> **Problem details**
Below are the records; extract from them the line containing "Арина Соболенко и" to the line containing "OPEL CORSA B", both lines included, exactly and with no pictures.

> **Task material**
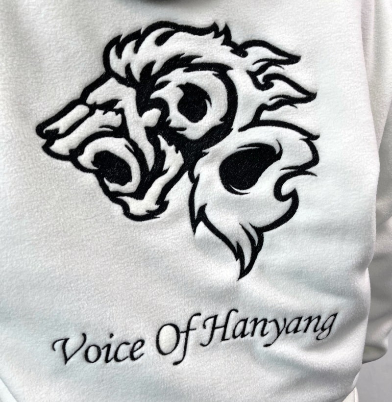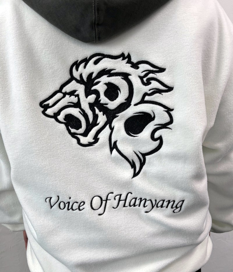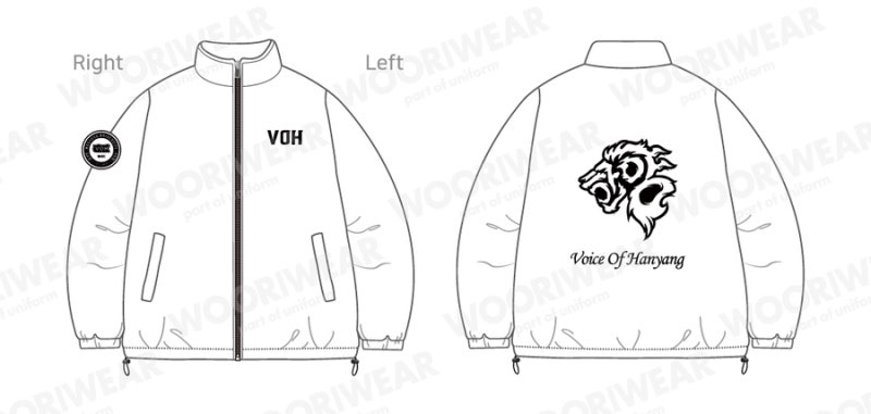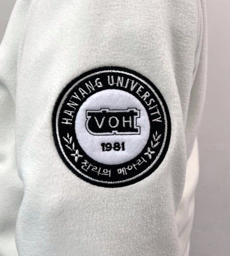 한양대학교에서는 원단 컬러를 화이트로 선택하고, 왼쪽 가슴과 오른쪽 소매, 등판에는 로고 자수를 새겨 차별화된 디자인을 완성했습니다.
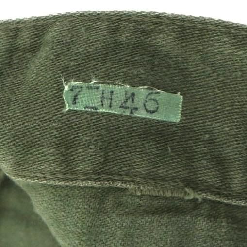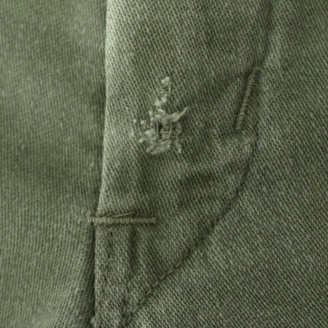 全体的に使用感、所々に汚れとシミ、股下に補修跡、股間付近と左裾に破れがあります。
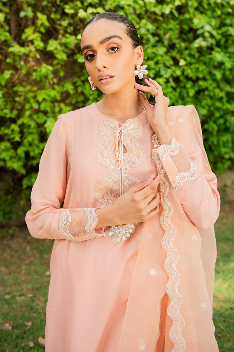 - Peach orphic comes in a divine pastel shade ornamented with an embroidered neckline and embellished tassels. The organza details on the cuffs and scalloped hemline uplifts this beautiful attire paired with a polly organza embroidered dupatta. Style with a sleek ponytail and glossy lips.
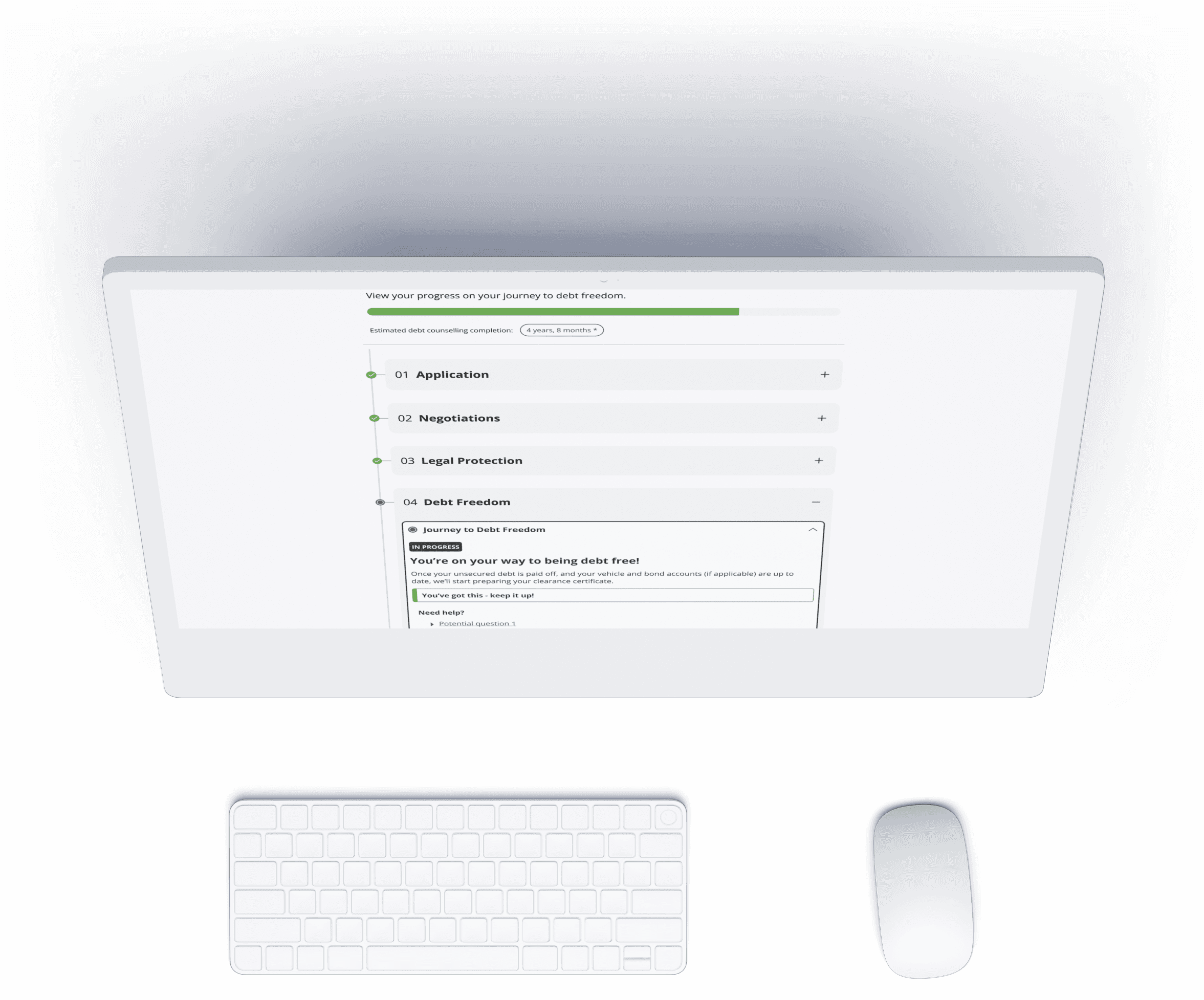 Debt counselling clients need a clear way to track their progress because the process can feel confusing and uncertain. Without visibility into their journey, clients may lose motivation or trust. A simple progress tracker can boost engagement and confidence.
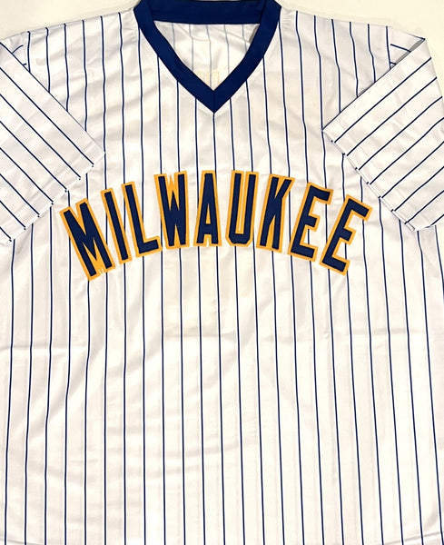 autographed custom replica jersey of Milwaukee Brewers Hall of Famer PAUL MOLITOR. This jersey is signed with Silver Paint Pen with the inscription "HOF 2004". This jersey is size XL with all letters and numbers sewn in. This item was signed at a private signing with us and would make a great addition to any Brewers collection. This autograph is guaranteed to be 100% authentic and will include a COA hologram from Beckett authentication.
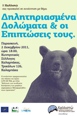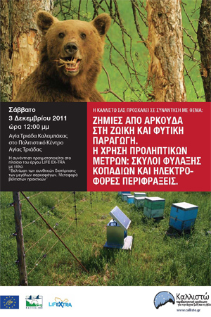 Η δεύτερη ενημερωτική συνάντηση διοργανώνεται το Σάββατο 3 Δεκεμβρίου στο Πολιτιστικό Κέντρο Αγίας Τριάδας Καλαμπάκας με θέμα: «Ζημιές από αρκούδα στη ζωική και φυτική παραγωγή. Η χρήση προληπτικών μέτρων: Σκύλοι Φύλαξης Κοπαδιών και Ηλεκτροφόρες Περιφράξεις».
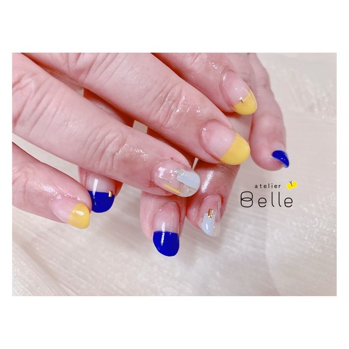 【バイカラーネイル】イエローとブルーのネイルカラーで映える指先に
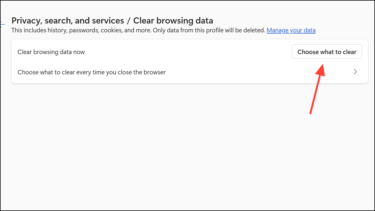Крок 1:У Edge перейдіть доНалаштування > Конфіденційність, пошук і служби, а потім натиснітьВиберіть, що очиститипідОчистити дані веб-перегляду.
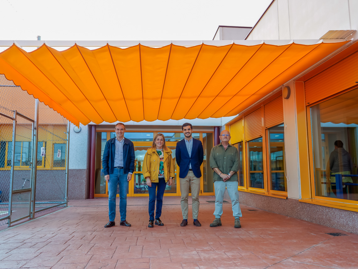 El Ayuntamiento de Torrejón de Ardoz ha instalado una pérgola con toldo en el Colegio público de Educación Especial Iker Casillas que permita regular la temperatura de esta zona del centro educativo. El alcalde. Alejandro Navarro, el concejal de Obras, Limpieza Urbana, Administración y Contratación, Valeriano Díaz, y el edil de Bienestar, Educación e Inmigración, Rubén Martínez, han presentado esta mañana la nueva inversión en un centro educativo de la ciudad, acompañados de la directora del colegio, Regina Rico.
...
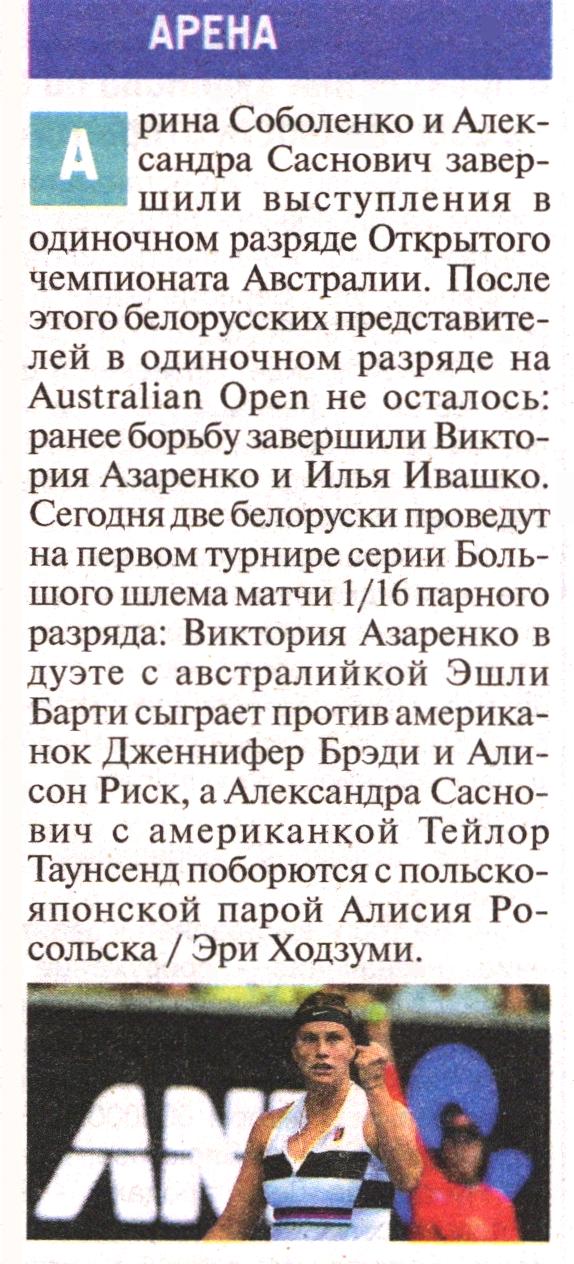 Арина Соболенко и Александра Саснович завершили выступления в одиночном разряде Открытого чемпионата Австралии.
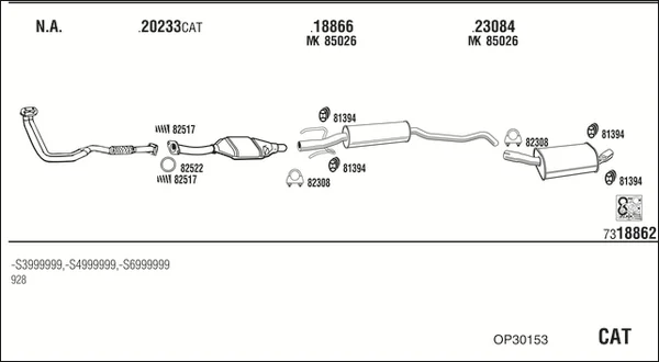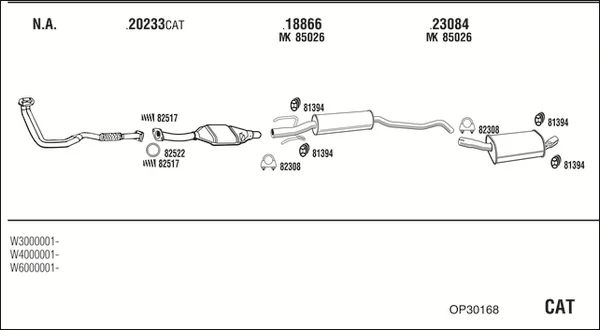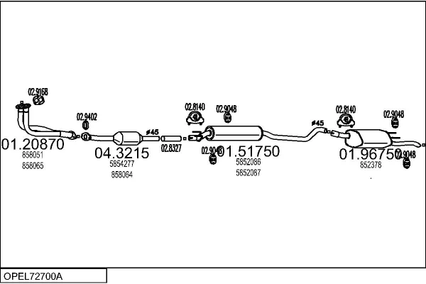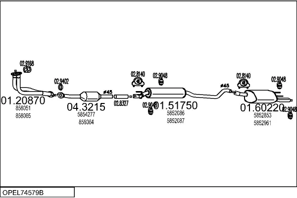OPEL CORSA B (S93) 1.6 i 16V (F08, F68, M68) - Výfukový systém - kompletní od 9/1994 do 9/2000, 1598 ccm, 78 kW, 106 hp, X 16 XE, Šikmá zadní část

> **Response to this task**
 Арина Соболенко и Александра Саснович завершили выступления в одиночном разряде Открытого чемпионата Австралии.
OPEL CORSA B (S93) 1.6 i 16V (F08, F68, M68) - Výfukový systém - kompletní od 9/1994 do 9/2000, 1598 ccm, 78 kW, 106 hp, X 16 XE, Šikmá zadní část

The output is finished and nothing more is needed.